Artificial Intelligence (AI) refers to computer systems that can perform tasks that require human intelligence, such as visual perception, decision-making, and language understanding [1]. Natural Language Processing (NLP), a crucial field in AI, focuses on the interaction between human language and computer systems [2]. NLP algorithms are capable of analyzing and generating human language, making them valuable tools in various sectors, including healthcare [2].

In the healthcare sector, NLP can be applied in several ways, such as in clinical documentation, coding and billing, monitoring drug safety, and keeping track of patients [3–5]. Large Language Models (LLMs) are a type of NLP model that can perform various language tasks, such as text completion, summarization, translation, and question-answering [6]. LLMs are trained on massive amounts of text data and can generate human-like responses to natural language queries [6, 7].

ChatGPT is a Large Language Model (LLM) developed by OpenAI, capable of performing a diverse array of natural language tasks [8]. At the moment, ChatGPT is arguably the most well-known, commercially available LLM. Its widespread accessibility appeals to a broad audience, including medical trainees and physicians, who are likely to be curious about its performance in a clinical setting.

A study recently found that ChatGPT was able to accurately answer biomedical and clinical questions on the United States Medical Licensing Examination (USMLE) at a level that approached or exceeded the passing threshold [9]. The study also found that ChatGPT’s accuracy was characterized by high concordance and density of insight, indicating its potential to generate novel insights and assist in medical education [9]. While these results have ignited discussions around potential implications for ChatGPT in healthcare, they also highlight the potential use of this tool in medical education. Whereas the ability of ChatGPT to answer concise, encyclopedic questions have been studied, the quality of its responses to complex medical cases remains unclear [10].

In this study, we aim to evaluate ChatGPT’s performance as a diagnostic tool for complex clinical cases to explore its diagnostic accuracy, the cognitive load of its answers, and the overall relevance of its responses. We aim to understand the potential benefits and limitations of ChatGPT in clinical education.

ChatGPT is powered by Generative Pre-trained Transformer (GPT) 3.5, an LLM trained on a massive dataset of text with over 400 billion words from the internet including books, articles, and websites [8]. However, this dataset is private and therefore lacks transparency as users have no convenient means to validate the accuracy or the source of the information being generated. We plan to conduct qualitative analysis to evaluate the quality of medical information ChatGPT provides.

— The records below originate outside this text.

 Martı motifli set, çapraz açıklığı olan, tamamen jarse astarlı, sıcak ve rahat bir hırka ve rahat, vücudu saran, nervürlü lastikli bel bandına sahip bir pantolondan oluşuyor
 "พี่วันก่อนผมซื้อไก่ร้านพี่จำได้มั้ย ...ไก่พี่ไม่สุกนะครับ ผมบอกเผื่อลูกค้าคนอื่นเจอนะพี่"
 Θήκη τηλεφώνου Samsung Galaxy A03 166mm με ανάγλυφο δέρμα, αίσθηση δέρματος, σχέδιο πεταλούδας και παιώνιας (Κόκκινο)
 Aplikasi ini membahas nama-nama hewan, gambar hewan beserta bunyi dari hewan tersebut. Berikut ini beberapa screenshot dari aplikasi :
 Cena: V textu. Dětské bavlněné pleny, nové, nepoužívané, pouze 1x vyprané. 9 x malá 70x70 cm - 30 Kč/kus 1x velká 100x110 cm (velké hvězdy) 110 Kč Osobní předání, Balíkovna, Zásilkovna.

While ChatGPT is able to generate novel responses that closely resemble natural human language [11] it lacks genuine comprehension of the content it receives or produces.

Once again, this underscores the importance of evaluating the responses provided by ChatGPT. While responses may sound grammatically correct and offer correct medical information, it is essential to assess the overall relevance to the medical question at hand as to not mislead medical trainees.

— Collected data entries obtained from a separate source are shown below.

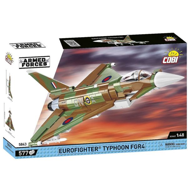 With 577 top-quality COBI construction blocks you can build a multi-purpose EUROFIGHTER TYPHOON FGR4 fighter of your own. The set has been carefully designed in a 1:48 scale and features an opening cockpit, movable ailerons and wheels. The landing gear can be easily detached at any time to display the aircraft on the display stand, which is included in the set. A nameplate is also included. Thanks to the intuitive instructions, the construction is simple and will not cause problems for less advanced builders. The blocks have high-quality prints that do not wear off even during intensive use, as well. The set will also meet the expectations of aviation, military and block enthusiasts. The Eurofighter looks great in your collection, no matter how old you are!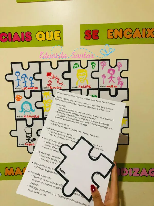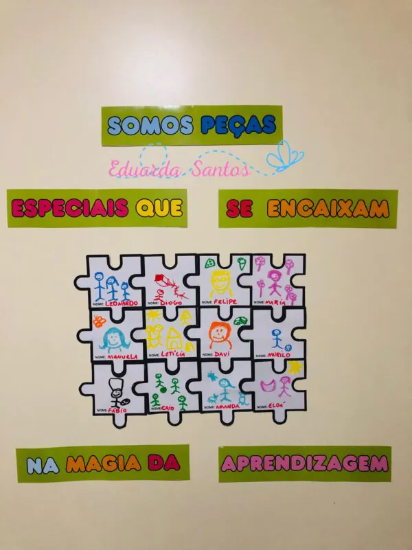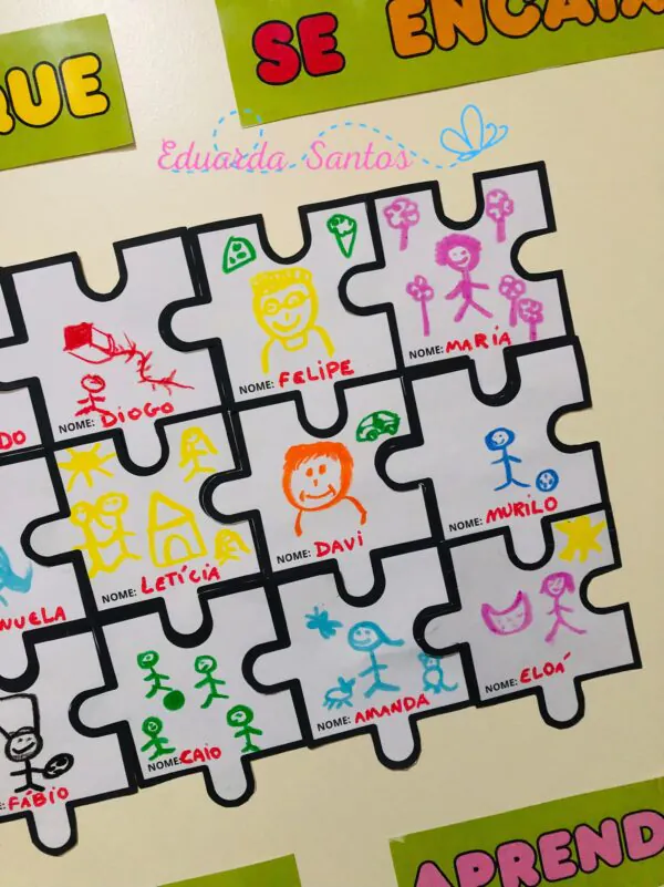 Na proposta, cada criança decora sua própria peça de quebra-cabeça com desenhos ou palavras que representem algo especial sobre si. Depois, todas as peças são reunidas em um painel coletivo, mostrando que cada um é único e essencial para a construção da turma.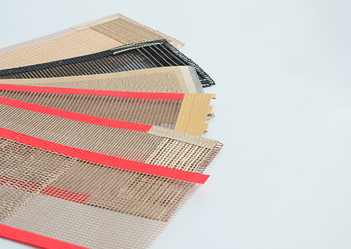 2.墻式接頭法:在網(wǎng)帶的兩頭分別用凱夫拉高溫布做圓柱狀的布條子,客戶也是直接用我們配好的鋼絲直接穿進凱夫拉高溫布的小孔里面就行了。這種接頭方式的好處就是接頭處很耐磨,但是抗拉強度并不是很高。

Medscape Clinical Challenges include complex cases that are designed to challenge the knowledge and diagnostic skills of healthcare professionals [12]. The cases are often based on real-world scenarios and may involve multiple comorbidities, unusual presentations, and diagnostic dilemmas [12]. By employing these challenges, we can evaluate ChatGPT’s ability to answer medical queries, diagnose conditions, and select appropriate treatment plans in a context that closely resembles actual clinical practice [13].

Materials and methods

Artificial intelligence

ChatGPT operates as a server-based language model, meaning it cannot access the internet. All responses are generated in real-time, relying on the abstract associations between words ("tokens") within the neural network. This constraint mirrors real-life clinical settings where professionals do not have the freedom to easily access additional scientific literature and also allows us to accurately evaluate ChatGPT’s knowledge.

Input source

We tested the performance of ChatGPT in answering Medscape Clinical Challenges. These complex cases are designed to challenge the knowledge and diagnostic skills of healthcare professionals [12]. These challenges present a clinical scenario that includes patient history, physical examination findings, and laboratory or imaging results. Healthcare professionals are required to make a diagnosis or choose an appropriate treatment plan using multiple-choice questions [12]. Feedback is provided after each answer with explanations of the correct diagnosis and treatment plan. The distribution of answer options selected by Medscape users is also provided. This feedback mechanism allows an accurate evaluation of ChatGPT’s responses compared to correct answers and also allows us to directly compare its thought process and decision making to healthcare professionals.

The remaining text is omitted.